Exercise – Set down the records once more, please, exactly and with the pictures left out.

Records from a collection
== == ==

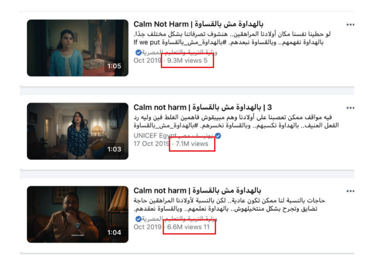
Fig. 1. Facebook "Calm-Not-Harm" videos

The success of "Calm-Not-Harm" campaign was measured also through social media metrics for the following channels: Instagram, Facebook and YouTube. The below figures indicates the number of viewership for the campaign, which are as follows: Youtube 2M viewers, Facebook 9M viewers and Instagram 59,331 viewers. The use of social media in the context of social marketing campaigns has favored increased motivation [12]. The mobile application and Web 2.0 system are frequently cited as having the ability to promote public involvement by establishing ties between government and citizens based on virtual information exchange and public discourse [32].
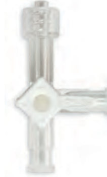
Fixed Male Luer S3FLP
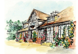
The Rose Garden Cafe
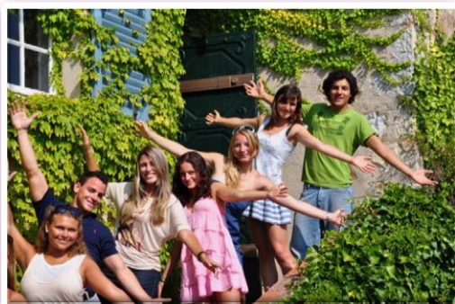
Students at our school "Le Château"
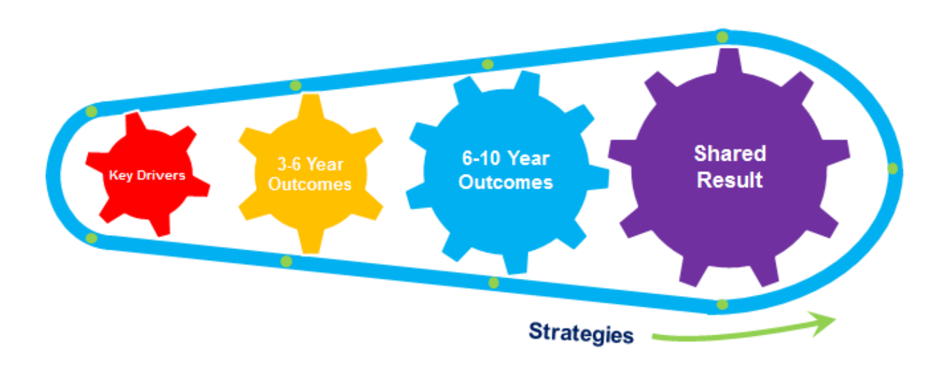
Figure 3. Data-Driven Feedback Loop.

population. The outcomes are divided up in to 3-6 year outcomes and 6-10 year outcomes to allow the collective impact initiative to think of its work in phases. Some progress can be seen early through changes in data, and some progress can only be seen after several years. Strategies are a coherent collection of activities, ideas and programs that drive changes towards a shared result.
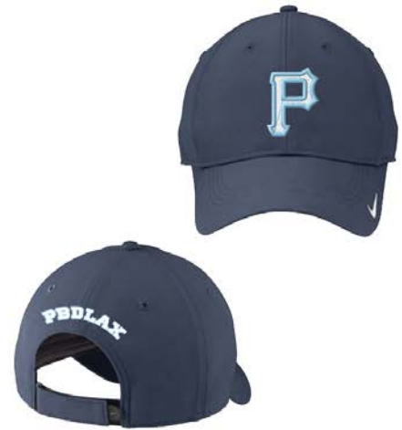
Nike Hat $25
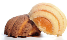
Best if Warmed

Mexican pastry with butter sugar topping, Aztec chocolate and Mexican vanilla Bag
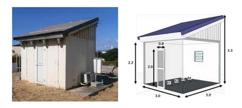
Fig. 1. Picture and sketch of the test cell.

Experiments done on the LGI cell allowed the comparison of simulated daylight values with those measured experimentally. Measurements of internal illuminance were made four points (A1 to A4), 0.01 m above the floor. The sensors were aligned to the central axis of the building (cutting the glazing into two symmetrical parts) and perpendicular to single glazing plane (glazing pane shown obstructed on the left part of previous figure was unobstructed when indoor measurements were made). They are placed in alignment with the openings on the slab as shown also in Figure 1. These sensors are equidistant from 0.5 m. The horizontal distance between the first sensor (A1) position and the opening is 0.73 m. The measurements presented in Figures 2 (global, direct and diffuse radiation) and 3 (indoor illuminance) were taken during the day of 10 February 2008, with overcast sky. Longer sequences and discussion are available in [11].
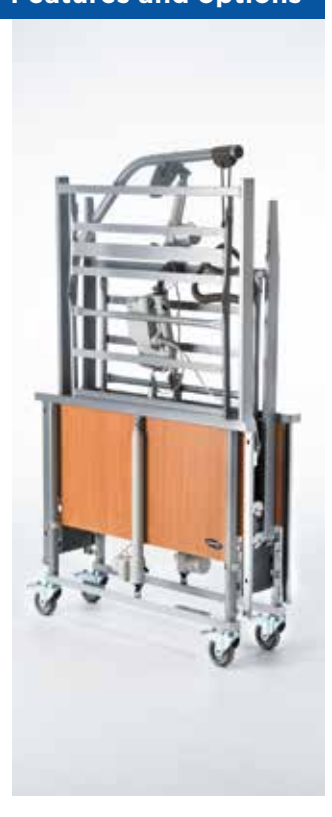
Easy to transport Medley Ergo beds are easy to assemble and dismantle and can be transported using transporter kits (optional).
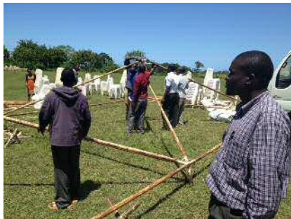
Young People Putting up Tents

East Kenya- at Kilifi (not too far from Mombasa)

== == ==

Response to this exercise –
Fig. 1. Facebook "Calm-Not-Harm" videos

The success of "Calm-Not-Harm" campaign was measured also through social media metrics for the following channels: Instagram, Facebook and YouTube. The below figures indicates the number of viewership for the campaign, which are as follows: Youtube 2M viewers, Facebook 9M viewers and Instagram 59,331 viewers. The use of social media in the context of social marketing campaigns has favored increased motivation [12]. The mobile application and Web 2.0 system are frequently cited as having the ability to promote public involvement by establishing ties between government and citizens based on virtual information exchange and public discourse [32].
Fixed Male Luer S3FLP
The Rose Garden Cafe
Students at our school "Le Château"
Figure 3. Data-Driven Feedback Loop.

population. The outcomes are divided up in to 3-6 year outcomes and 6-10 year outcomes to allow the collective impact initiative to think of its work in phases. Some progress can be seen early through changes in data, and some progress can only be seen after several years. Strategies are a coherent collection of activities, ideas and programs that drive changes towards a shared result.
Nike Hat $25
Best if Warmed

Mexican pastry with butter sugar topping, Aztec chocolate and Mexican vanilla Bag
Fig. 1. Picture and sketch of the test cell.

Experiments done on the LGI cell allowed the comparison of simulated daylight values with those measured experimentally. Measurements of internal illuminance were made four points (A1 to A4), 0.01 m above the floor. The sensors were aligned to the central axis of the building (cutting the glazing into two symmetrical parts) and perpendicular to single glazing plane (glazing pane shown obstructed on the left part of previous figure was unobstructed when indoor measurements were made). They are placed in alignment with the openings on the slab as shown also in Figure 1. These sensors are equidistant from 0.5 m. The horizontal distance between the first sensor (A1) position and the opening is 0.73 m. The measurements presented in Figures 2 (global, direct and diffuse radiation) and 3 (indoor illuminance) were taken during the day of 10 February 2008, with overcast sky. Longer sequences and discussion are available in [11].
Easy to transport Medley Ergo beds are easy to assemble and dismantle and can be transported using transporter kits (optional).
Young People Putting up Tents

East Kenya- at Kilifi (not too far from Mombasa)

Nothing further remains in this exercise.